[Records provided — start]

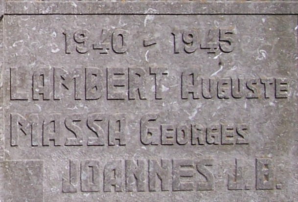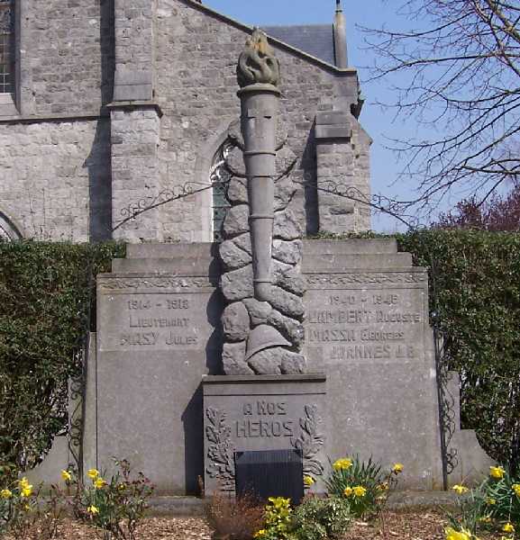 Localisation de ce monument: Rue Jules MASY, à proximité immédiate de l'église. Coordonnées GPS: 50° 39' 53.95 N, 5° 11' 13.20 E. Inscription figurant sur le monument "1914 - 1918 [Un nom] 1940 - 1945 [Trois noms] À NOS HÉROS" Voir les noms mentionnés sur ce monument |
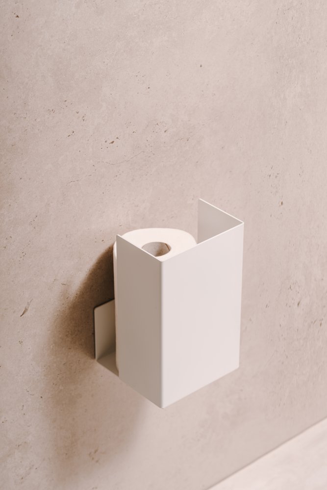 Jednoduché hrany a moderný design, ktorý sa hodí do štýlových a minimalistických kúpeľní. Držiak role papiera je možné namontovať zvisle alebo vodorovne. Verzia veľkosti „M“ ponúka priestor pre 2 rolky papiera a veľkosť „L“ pre 3-4 role. Kvalitné kovové telo je opatrené vodedolnou vypaľovacou farbou - životnosť produktu je tak veľmi dlhá. Súčasťou balenia je sada pri pripevnení k stene.
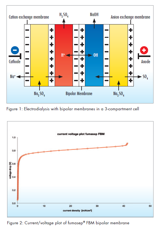 fumasep®FBM单膜双极膜由阴离子交换层和阳离子交换层组成,使用获得专利的多层涂层生产技术生产的涂层。这种复合膜具有化学稳定性,并通过编织PEEK机械增强。在里面阴离子交换层(AEM)和阳离子交换层(CEM)之间的中间层具有催化作用,当超过约1的电势差时,可促使水分解成OH-和H +离子0.8V。该膜应在可能引起起泡的正向偏压条件下运行。 CEM对准阳极,AEM对准阴极。
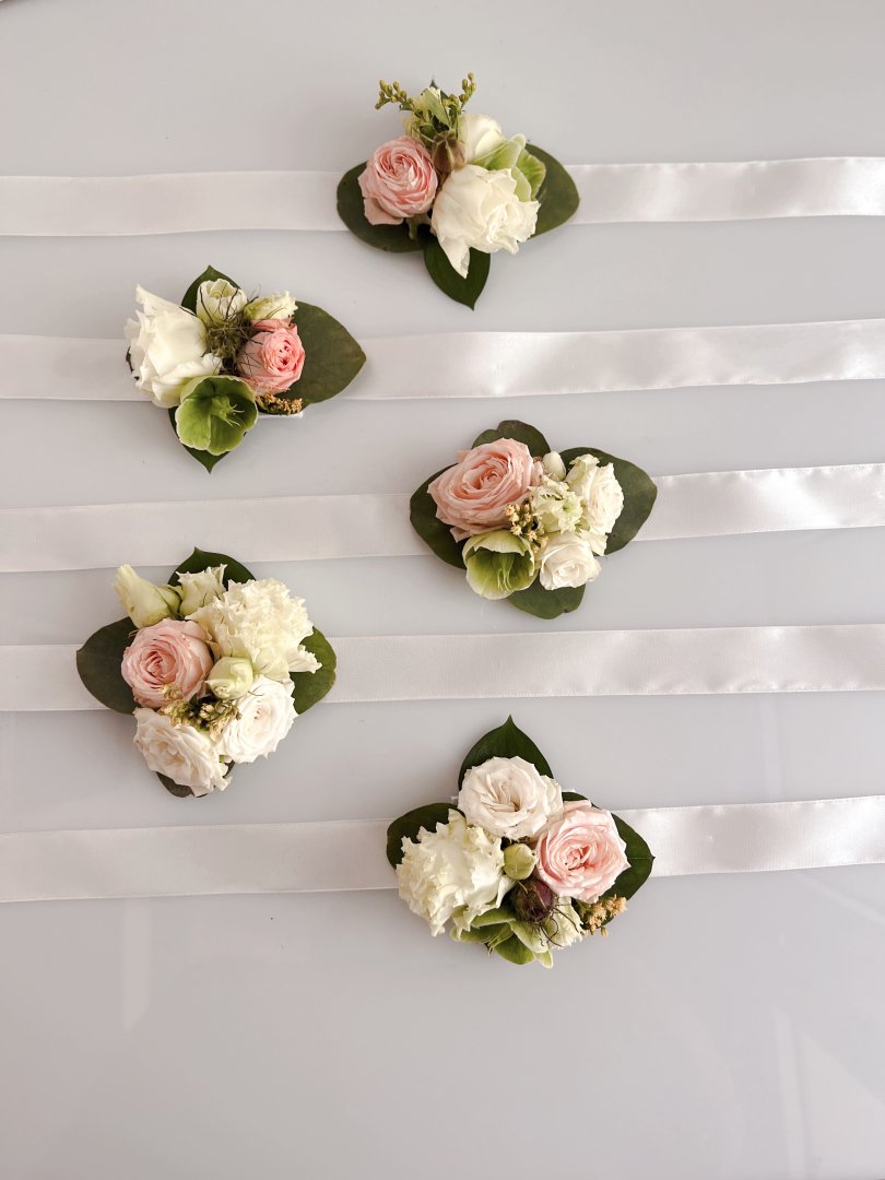 - Svadobná kytica, pierka pre ženícha, svadobných hostí, kvetinové náramky pre družičky
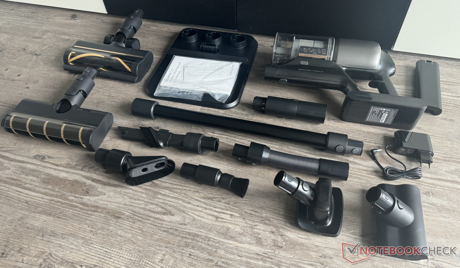 Der neue Dreame Z30 wartet mit einer gehobenen Ausstattung auf und kommt mit einem riesigen Lieferumfang. Neben zwei Hauptaufsätzen für die klassische Bodenreinigung mit verschiedenen Bürsten für nahezu randloses Saugen sowie praktischer Beleuchtung, dank der sich der Schmutz auf dem Boden viel besser sehen und so zielgerichtet beseitigen lässt, liegen noch diverse weitere Teile bei.
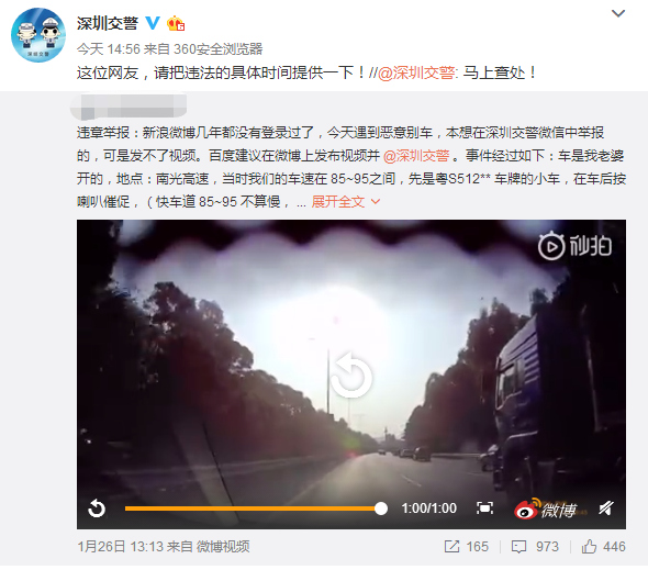 1月28日下午3點(diǎn),深圳交警在微博回復(fù)該網(wǎng)友稱馬上查處,并希望爆料博主能提供具體的時(shí)間。
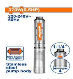 Điện áp: 220-240V~50Hz. Công suất định mức: 370W(0.5HP). Cột áp tối đa: 42m. Lưu lượng tối đa: 4.5m³/h. Đường kính ống: 1-1/4". Thân bơm giếng: 4". Cánh quạt: 6 tầng. Động cơ dây đồng. Thân bơm: Thép không gỉ. Cáp dài 15m. Điện dung tích hợp. Cổng vào và ra bằng gang. Buồng dầu bằng gang.
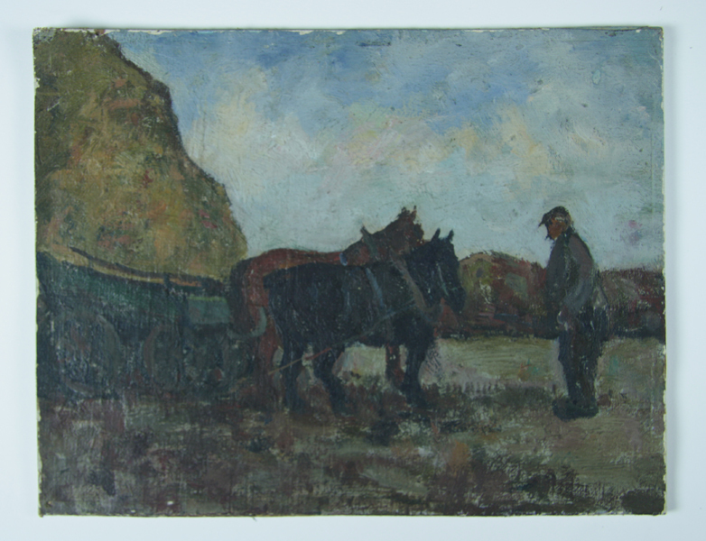 Schilderij, olieverf op linnen geplakt op hardboard met voorstelling van twee paarden met boer op het land. In het midden een zwart met bruin paard die een groene kar trekken. Rechts een boer met pet op zijn hoofd. Links achter de kar met paarden vermoedelijk een hooiberg. Voorstelling tegen een blauwe, licht bewolke lucht. Niet ...
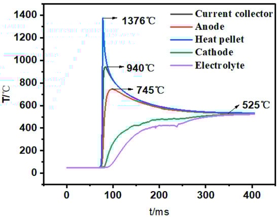 As shown in Figure 5, the temperature change of the single cell (the fourth cell from top to bottom) is monitored during the activation process. The heat of the heating plate is transferred from the ignition strip to the components of the thermal battery within 400 ms. At 400 ms, the temperature tends to be consistent and is maintained at 525 °C, which is consistent with the temperature cloud result. The highest temperature of the heater pellets and the current collectors reach 1376 °C and 940 °C, respectively. The anode needs to withstand a thermal shock of 700 °C, but it does not reach the melting temperature of the LiSi alloy. The highest temperature of the cathode is 525 °C. The temperature curves of the cathode and the electrolyte sheet fluctuate slightly during the heating process, showing that a certain proportion of the electrolyte phase change material is added to the cathode, and a part of the heat is absorbed during the electrolyte melting process. Due to the working mechanism and fast-activation requirements of thermal batteries, the temperature of electrolytes rises faster than the as reported Li-ion battery electrolytes [,]. Based on it, the curves have a small fluctuation, which is in line with the actual situation.
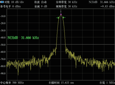 √.可以使用此功能快速测量信号带宽。设定好与峰值功率差值 NdB,实时给出此处的带宽
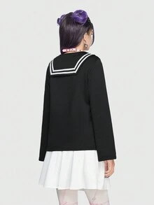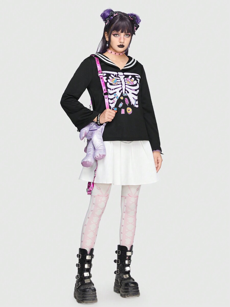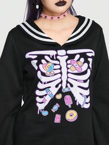 Kawaii Skeleton Print Sailor Collar Drop Shoulder Sweatshirt
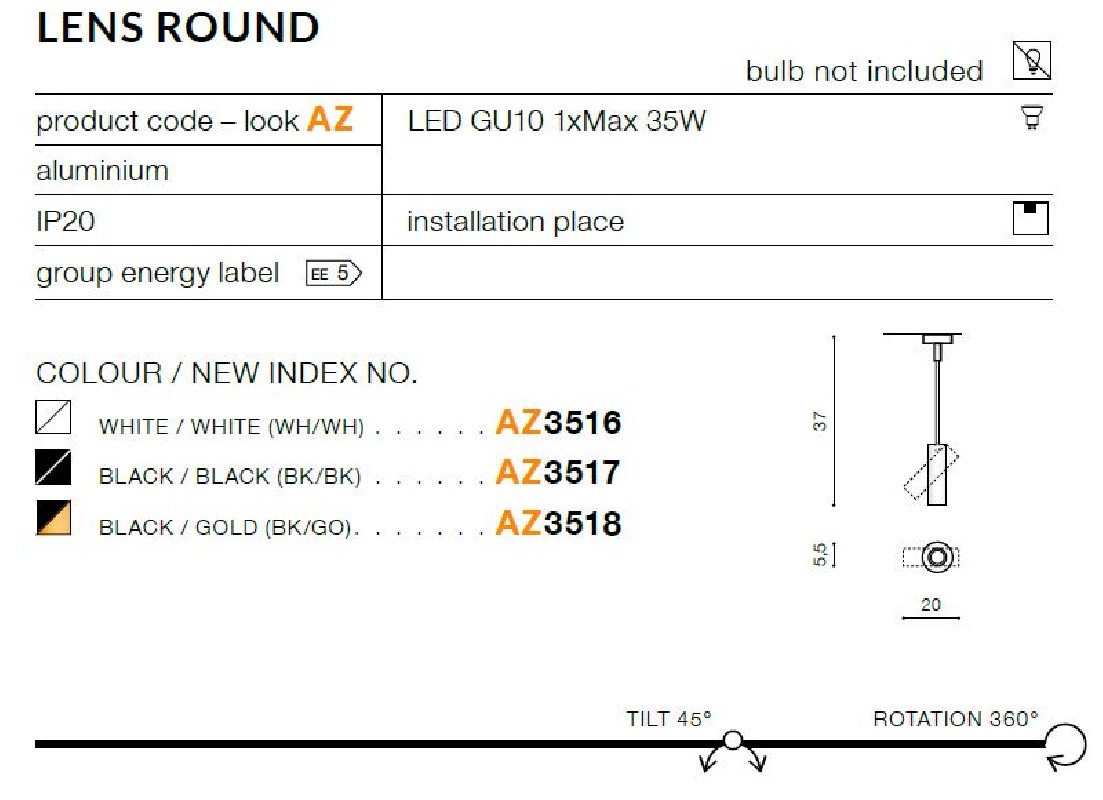 Wykonana z wysokiej jakości aluminium w kolorze czarnym z regulowanym kloszem w kształcie wąskiej tuby z zewnątrz czarnej i złotej w środku. Długość zwisu lampy 37 cm, szerokość lampy 20 cm, średnica klosza 5,5 cm. Możliwość stosowania źarówek Led

[Records provided — finish]

▶ **Activity**
A word-for-word copy of the entries above is needed, with every picture dropped.

▶ **Solution to this task**
 Localisation de ce monument: Rue Jules MASY, à proximité immédiate de l'église. Coordonnées GPS: 50° 39' 53.95 N, 5° 11' 13.20 E. Inscription figurant sur le monument "1914 - 1918 [Un nom] 1940 - 1945 [Trois noms] À NOS HÉROS" Voir les noms mentionnés sur ce monument |
 Jednoduché hrany a moderný design, ktorý sa hodí do štýlových a minimalistických kúpeľní. Držiak role papiera je možné namontovať zvisle alebo vodorovne. Verzia veľkosti „M“ ponúka priestor pre 2 rolky papiera a veľkosť „L“ pre 3-4 role. Kvalitné kovové telo je opatrené vodedolnou vypaľovacou farbou - životnosť produktu je tak veľmi dlhá. Súčasťou balenia je sada pri pripevnení k stene.
 fumasep®FBM单膜双极膜由阴离子交换层和阳离子交换层组成,使用获得专利的多层涂层生产技术生产的涂层。这种复合膜具有化学稳定性,并通过编织PEEK机械增强。在里面阴离子交换层(AEM)和阳离子交换层(CEM)之间的中间层具有催化作用,当超过约1的电势差时,可促使水分解成OH-和H +离子0.8V。该膜应在可能引起起泡的正向偏压条件下运行。 CEM对准阳极,AEM对准阴极。
 - Svadobná kytica, pierka pre ženícha, svadobných hostí, kvetinové náramky pre družičky
 Der neue Dreame Z30 wartet mit einer gehobenen Ausstattung auf und kommt mit einem riesigen Lieferumfang. Neben zwei Hauptaufsätzen für die klassische Bodenreinigung mit verschiedenen Bürsten für nahezu randloses Saugen sowie praktischer Beleuchtung, dank der sich der Schmutz auf dem Boden viel besser sehen und so zielgerichtet beseitigen lässt, liegen noch diverse weitere Teile bei.
 1月28日下午3點(diǎn),深圳交警在微博回復(fù)該網(wǎng)友稱馬上查處,并希望爆料博主能提供具體的時(shí)間。
 Điện áp: 220-240V~50Hz. Công suất định mức: 370W(0.5HP). Cột áp tối đa: 42m. Lưu lượng tối đa: 4.5m³/h. Đường kính ống: 1-1/4". Thân bơm giếng: 4". Cánh quạt: 6 tầng. Động cơ dây đồng. Thân bơm: Thép không gỉ. Cáp dài 15m. Điện dung tích hợp. Cổng vào và ra bằng gang. Buồng dầu bằng gang.
 Schilderij, olieverf op linnen geplakt op hardboard met voorstelling van twee paarden met boer op het land. In het midden een zwart met bruin paard die een groene kar trekken. Rechts een boer met pet op zijn hoofd. Links achter de kar met paarden vermoedelijk een hooiberg. Voorstelling tegen een blauwe, licht bewolke lucht. Niet ...
 As shown in Figure 5, the temperature change of the single cell (the fourth cell from top to bottom) is monitored during the activation process. The heat of the heating plate is transferred from the ignition strip to the components of the thermal battery within 400 ms. At 400 ms, the temperature tends to be consistent and is maintained at 525 °C, which is consistent with the temperature cloud result. The highest temperature of the heater pellets and the current collectors reach 1376 °C and 940 °C, respectively. The anode needs to withstand a thermal shock of 700 °C, but it does not reach the melting temperature of the LiSi alloy. The highest temperature of the cathode is 525 °C. The temperature curves of the cathode and the electrolyte sheet fluctuate slightly during the heating process, showing that a certain proportion of the electrolyte phase change material is added to the cathode, and a part of the heat is absorbed during the electrolyte melting process. Due to the working mechanism and fast-activation requirements of thermal batteries, the temperature of electrolytes rises faster than the as reported Li-ion battery electrolytes [,]. Based on it, the curves have a small fluctuation, which is in line with the actual situation.
 √.可以使用此功能快速测量信号带宽。设定好与峰值功率差值 NdB,实时给出此处的带宽
 Kawaii Skeleton Print Sailor Collar Drop Shoulder Sweatshirt
 Wykonana z wysokiej jakości aluminium w kolorze czarnym z regulowanym kloszem w kształcie wąskiej tuby z zewnątrz czarnej i złotej w środku. Długość zwisu lampy 37 cm, szerokość lampy 20 cm, średnica klosza 5,5 cm. Możliwość stosowania źarówek Led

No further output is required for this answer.